The Australian Bureau of Statistics (ABS) has developed a data quality framework to assist in the preparation of data quality statements, based on the Statistics Canada Quality Assurance Framework and the European Statistics Code of Practice. The ABS Data Quality Statement Checklist is a tool available to assist in the preparation of data quality statements, using the ABS Data Quality Framework. The ABS data quality framework is outlined below as an example of the issues that should be addressed in a data quality statement. However, alternative frameworks for assessing and documenting data quality may also be appropriate.
The ABS data quality framework is based on seven dimensions of quality: institutional environment, relevance, timeliness, accuracy, coherence, interpretability and accessibility. All seven dimensions should be included for the purpose of quality assessment and reporting. However, these dimensions are not necessarily equally weighted, as the importance of each dimension may vary depending on the data source and its context.

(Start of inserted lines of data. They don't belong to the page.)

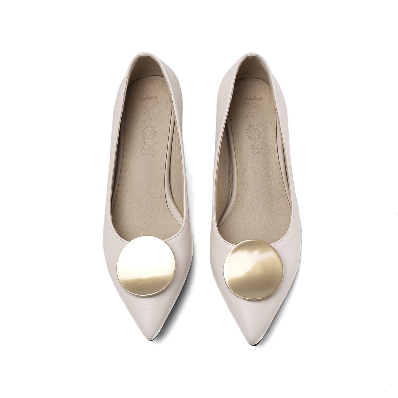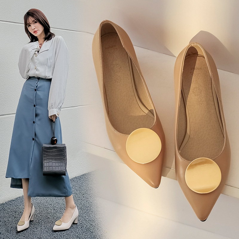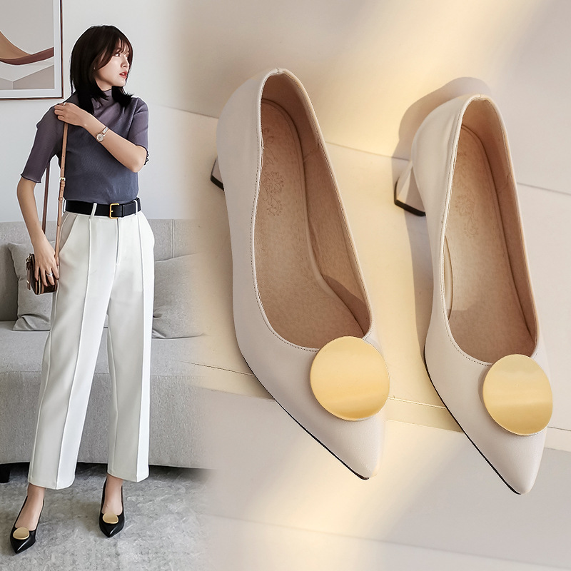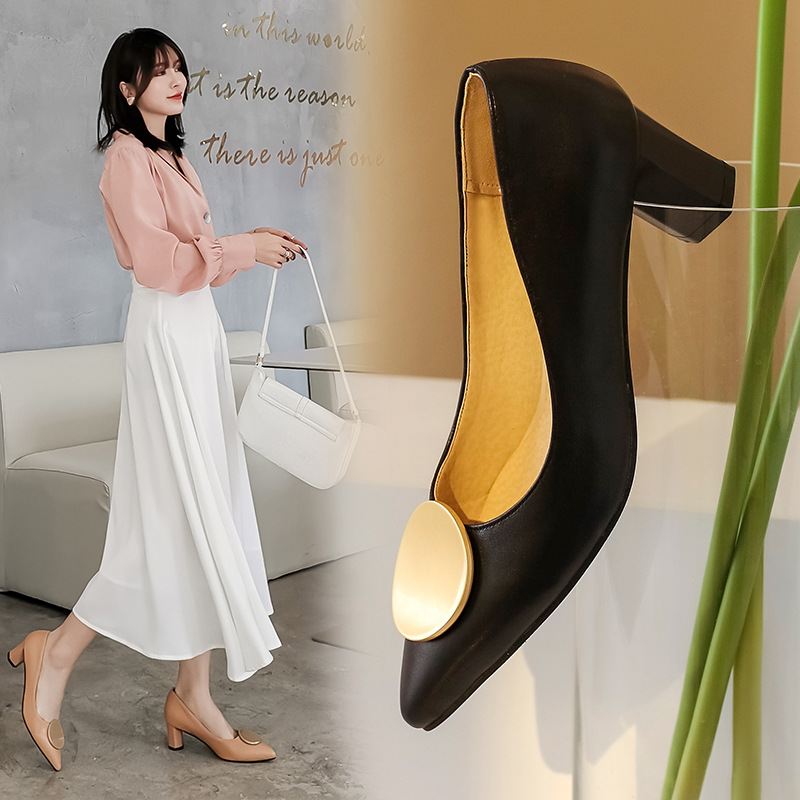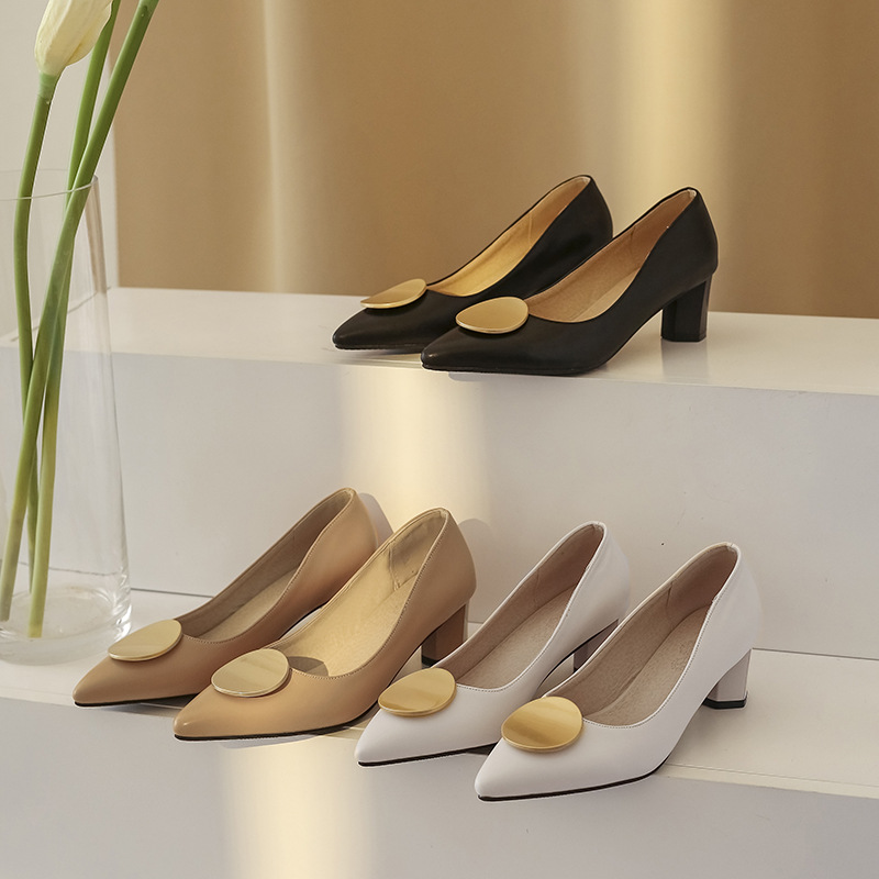 Large And Small Single Shoes For Women Ladies High Heels Metal Round Buckle Pointed Shallow Mouth Thick Heel Single Shoes T4302
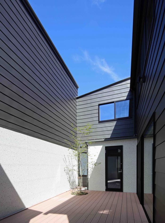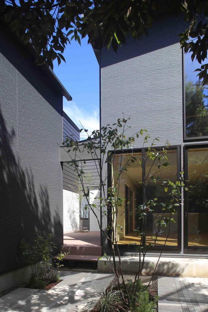 【フラッツ FH】は2住戸からなる集合住宅です。各住戸でピアノが弾けるようなグレードをめざし、視線はもとより、音や響きも相互に伝わらないように、 両者を分断しつつ、わずかな箇所で接するような配置計画としました。 それぞれの家の外形を組み合わせることで、 中庭や、プライベートな庭空間を生み出しています。 内部では吹抜を中心に開放的な住空間を展開しました。
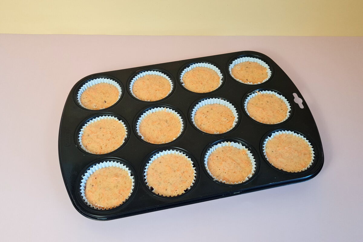 Zuerst ein Muffinblech mit Papierförmchen auslegen und den Backofen auf 160°C Umluft vorheizen.
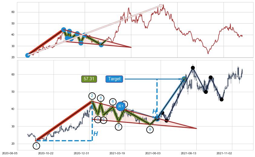 | 9 🅚:塔形底 | 圆底 ➕ 📡:谐波鲨鱼已到达d点:猜想c下行到达d点后报复性拉升上涨(均值回复) ☞ 看多信号 ⇥ 【🅚线】交织【图形】⇥ 综合量化分数: 55 | > |
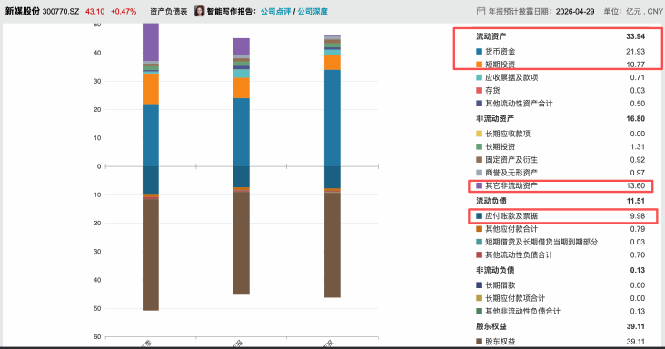 资产:51亿,其中货币资金与银行存款共计35亿,占比达70%,另有10.7亿的合同资产。

Judgement should be used in making assessments of data quality, ensuring the quality dimensions are evaluated appropriately for the particular context, for example, for the purpose of linking with another dataset for a particular project.
This refers to the institutional and organisational factors which may influence the effectiveness and credibility of the agency producing the statistics. In the context of administrative data collections, usually all that will be needed is the name of the organisation collecting the data. The authority for collecting the data (e.g. relevant legislation) may also be included.
This refers to how well the dataset meets the needs of users in terms of the concepts measured and the populations represented, and will usually be covered in the metadata as well. In the context of administrative data collections, it might include information on:
- scope and coverage – for example, identify the target population and document who the data represent, who is excluded and whether there are any impacts caused by exclusion of particular people, areas or groups;
- the reference period (i.e. the time period for which the information is collected); and
- geographic detail, both about the level of detail available for the data (e.g. postcode area) and the actual geographic regions for which data is available (e.g. the whole of Australia, or selected states and territories).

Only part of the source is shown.